Objective: To determine the impact of surgical guidelines and transparent periodic assessment of surgical quality on endometrial cancer (EC) staging by gynecologic oncologists in a single institution and to identify process-of-care, patient-specific, and disease-specific risk factors that influence surgical quality.
Methods: In January 2004, a prospective treatment algorithm was implemented for EC at our institution. The number of nodes harvested was a surrogate, and staging quality from 2004 to 2008 (quality assessment [QA] interval) was compared with the previous 5 years (pre-QA interval). Since 2004, low-risk cases based on frozen section examination had not undergone lymphadenectomy and were excluded.
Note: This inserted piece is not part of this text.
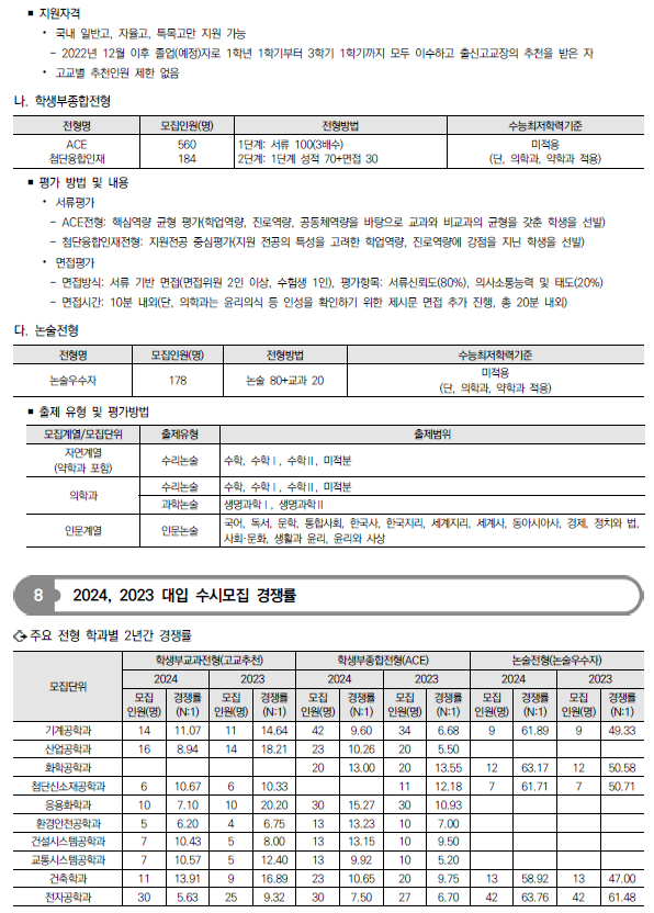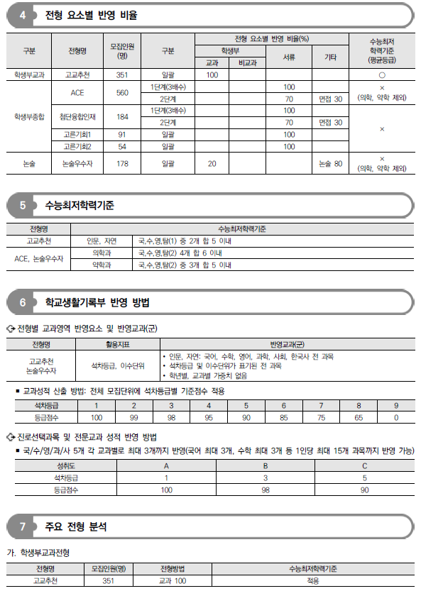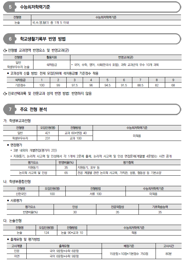 2025학년도 연세대(미래), 용인대 수시 모집요강 및 전년도 입시결과(커트라인)-모집일정, 인원, 반영방법, 수능최저 등

Independent patient-specific, disease-specific, and surgery-related risk factors influencing lymphadenectomy quality during both intervals were identified with multivariable logistic regression analysis.
Results: Pelvic and para-aortic lymph node dissection (LND) in surgical EC management before QA (n=420) were 77.9% and 48.8% vs 89.3% and 83.4% during the QA (n=561) (P<.001). The median number of pelvic and para-aortic nodes harvested in LND was 29 and 10 before QA vs 34 and 16 during the QA interval (P<.001). With acceptance of stringent criteria for defining systematic LND (mean node count-1 SD) during the QA, systematic pelvic (≥22 nodes) and para-aortic (≥10 nodes) LNDs occurred in 57.4% and 25.7% of cases before QA vs 77.9% and 70.7% during the QA interval (P<.001). In patients with LND, rates of systematic pelvic and para-aortic LND were 73.7% and 53.0% before vs 87.2% and 84.8% after QA (P<.001). Multivariable logistic regression analysis showed independent factors influencing systematic pelvic and para-aortic LND (P<.01): surgeon and stage during the pre-QA interval vs surgical approach; intraoperative ascites; body mass index; surgeon; patient age; and myometrial invasion after QA implementation.
Conclusion: Inclusion of detailed surgical guidelines and transparent periodic assessment of surgical quality translated to dramatic improvement in quality of surgical EC staging. This implementation was associated with a transition to more patient-specific risk factors influencing systematic LND. Although surgical quality metrics were markedly enhanced during QA, persistent variability observed among surgeons and the change in surgical approach render continuous QA and improvement obligatory.